BORED, standing in a long line at the donut shop, I invited the world to come stand in line with me. I whipped out my phone, opened up the Periscope app and panned slowly over the glass window of delicacies. Within a few seconds, there were a dozen strangers peering through the camera. They issued demands in the bottom left corner of the screen: “Point it over there!” “Get glazed.” “Where am I?”
Such is the strange world of live-streaming. In the last few weeks, two apps have launched that let people easily share what’s going on around them in real time. With Periscope and Meerkat, you can dive into one of the streams beaming from smartphones around the world, or broadcast your surroundings for others to see.

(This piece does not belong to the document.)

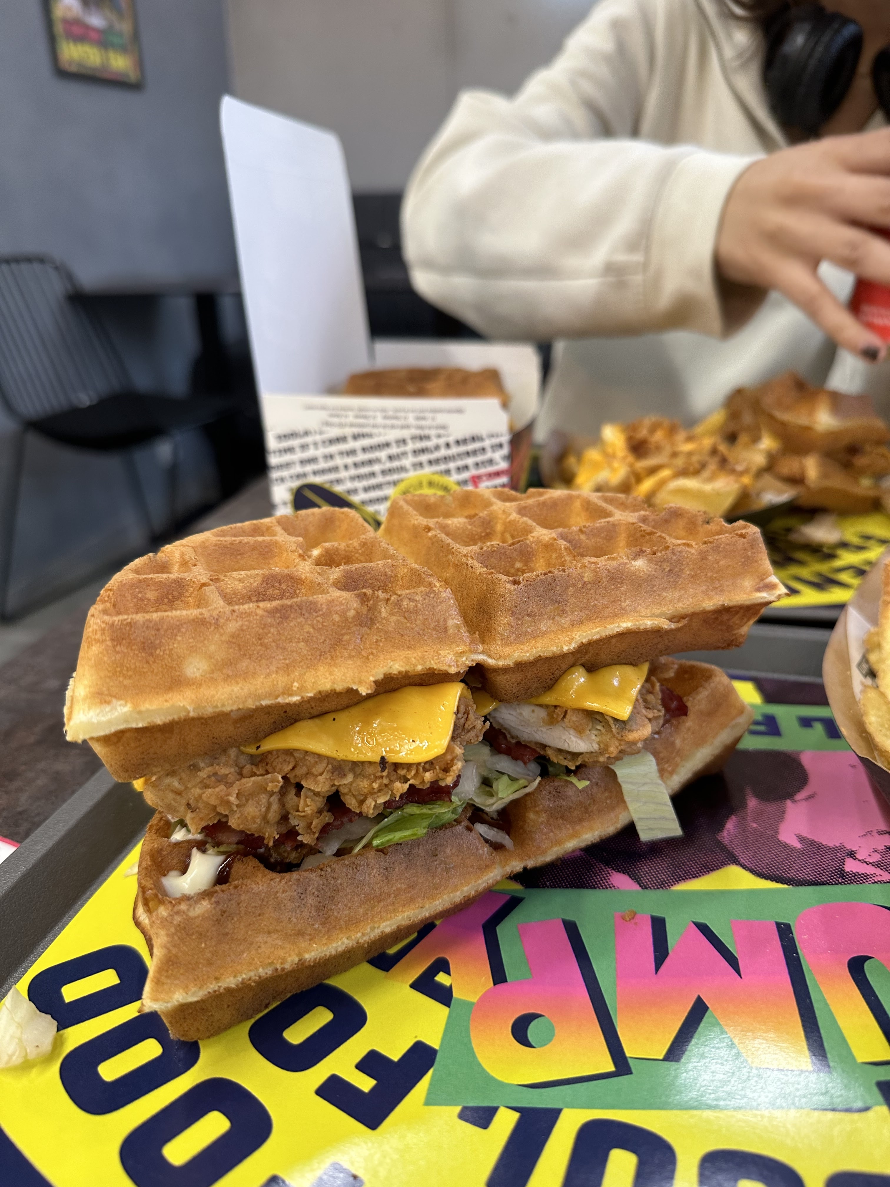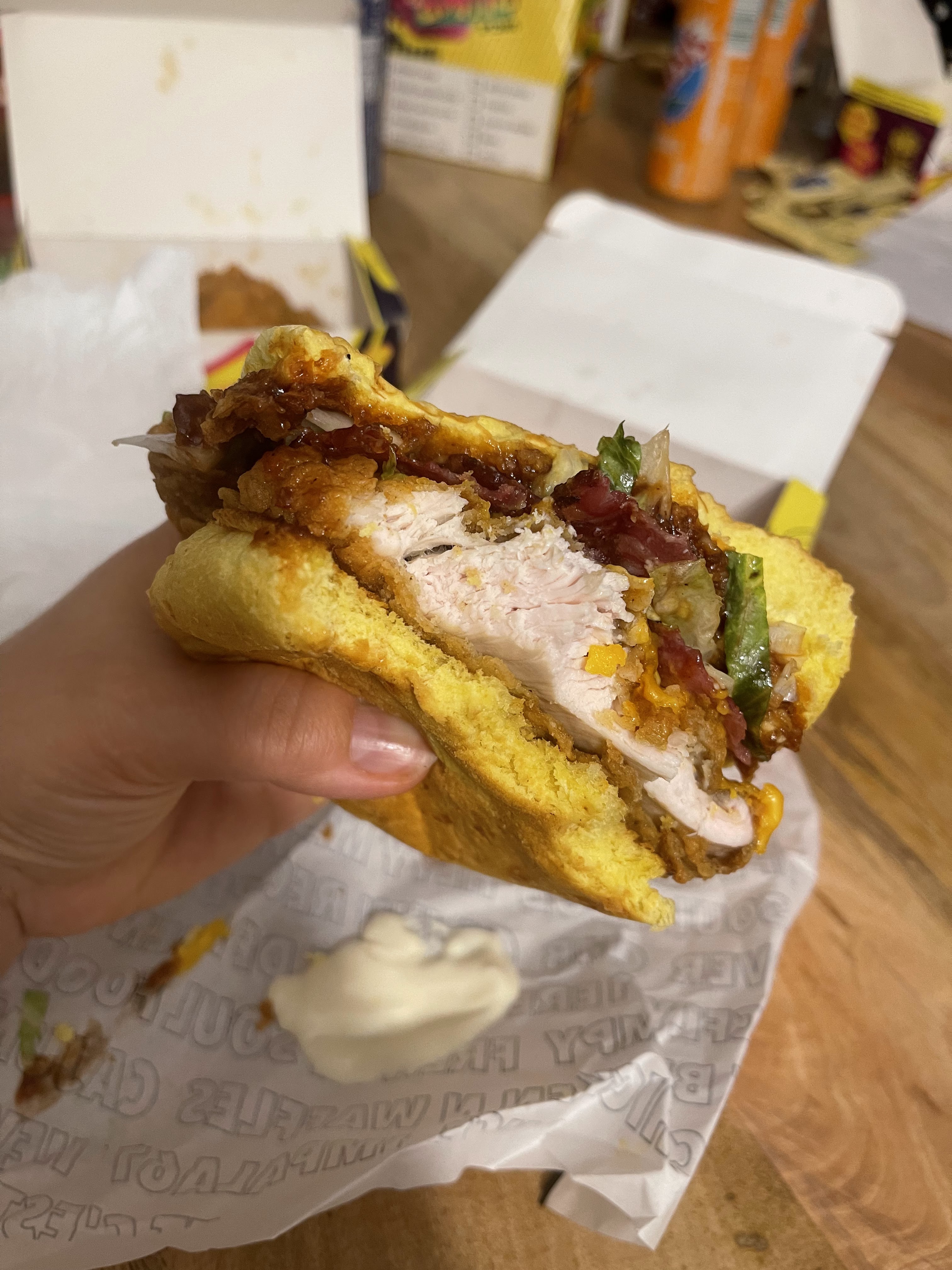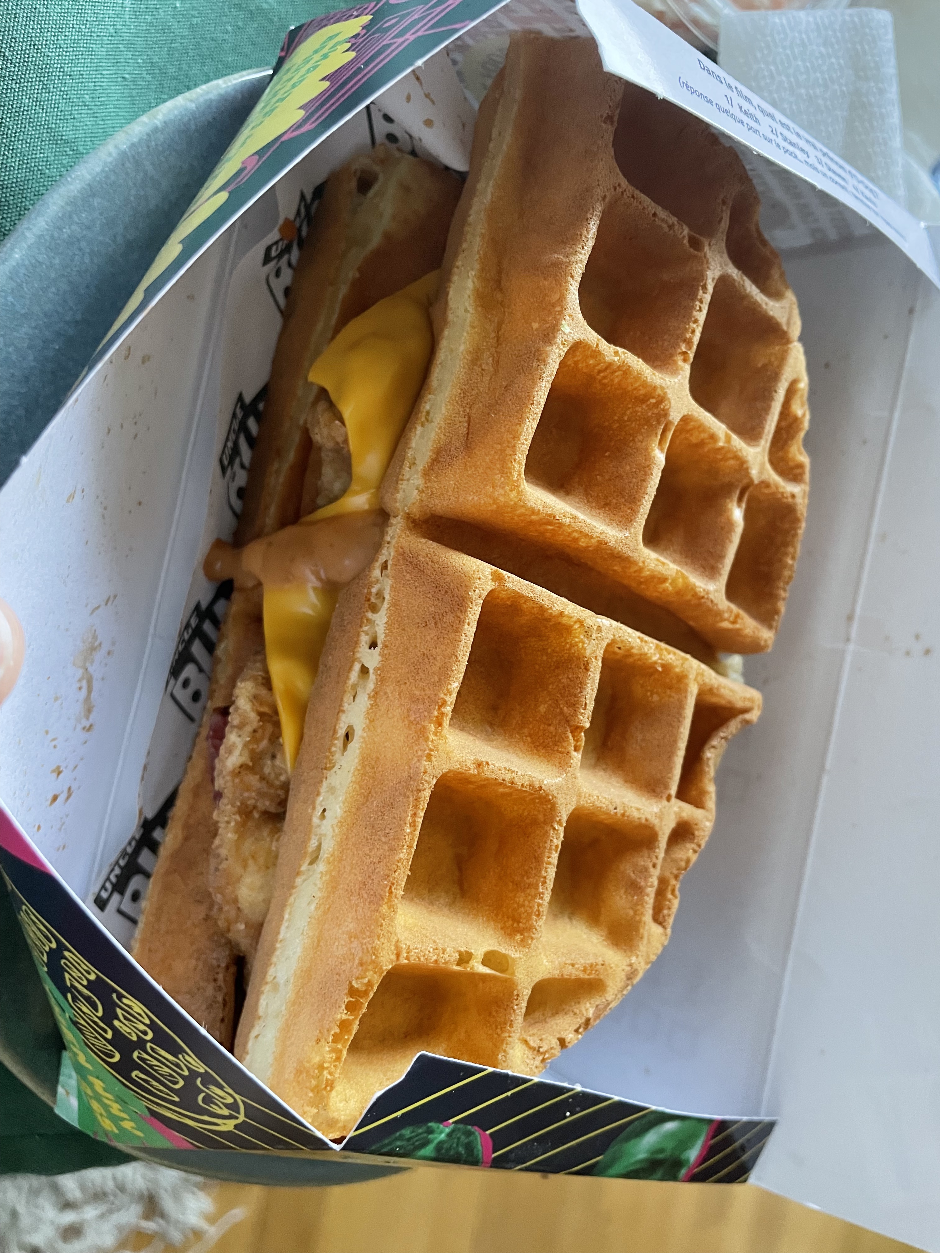 On mange + de panure qu’autre chose, c’est vraiment exagéré. Même chez KFC y a plus de poulet, (c’est dire à quel point c’est le néant) je suis ultra déçu. La seule chose qui vaut le coup ici (ou pas) c’est la gaufre 🧇

So what on earth should we do with it? Neither Meerkat nor Twitter, the company behind Periscope, are the first to try their hands at live-streaming. Protests around Ferguson last year and Occupy Wall Street in 2011 were aired live through sites like Livestream and Ustream.
But now, live-streaming seems to be having a moment, says T. L. Taylor at the Massachusetts Institute of Technology who’s working on a book on the subject. These apps have made it easier than ever to do it yourself.
“We’ve gotten to a point where it’s fairly easy to do technologically,” she says. “Things are really shifting and developing quickly. It’s an exciting time to watch it.”
First using Periscope, I wasn’t sure what to expect. I looked out of the window as someone drove through San Francisco. I waited for the Tokyo subway. I saw lots of pets, usually asleep, their owners cooing behind the scenes. The experience was intriguing, but also underwhelming.
The problem is that we’re still figuring out when to use these apps and how to do it right. During one of my streams, for example, I was briefly chastised by a viewer for holding my phone sideways rather than upright.
While this trend is in its infancy, the moment is ripe for experimentation – whether that means Swedish cooking shows, walking tours of New York City or watching astronaut Chris Hadfield describe his space suit. (All things that people have already tried.)
Users are still trying to see what works, says Jeetendr Sehdev at the University of Southern California in Los Angeles. “No one really knows what sort of live-streams are going to catch on.”
Down the line, Sehdev thinks that success on the apps will be about the bond that viewers feel with the live-streamer. On other video services like Vine, Youtube and Snapchat, ordinary people have accrued millions of followers and expensive ad deals by sharing their lives online. A year from now, we might well be writing about the first breakout crop of Periscope stars.
Periscope has already proved itself useful for journalists, too. Last week, a gas explosion knocked down several apartment buildings in New York City, and a streamer was there to put viewers on the scene. The apps make it easier to get breaking news out on social media fast, and harder for troublemakers to spread false information, says Jeff Howe, a journalism professor at Northeastern University in Boston, Massachusetts.
“The crowd is great at being at the right place at the right time and happening to have a smartphone,” he says.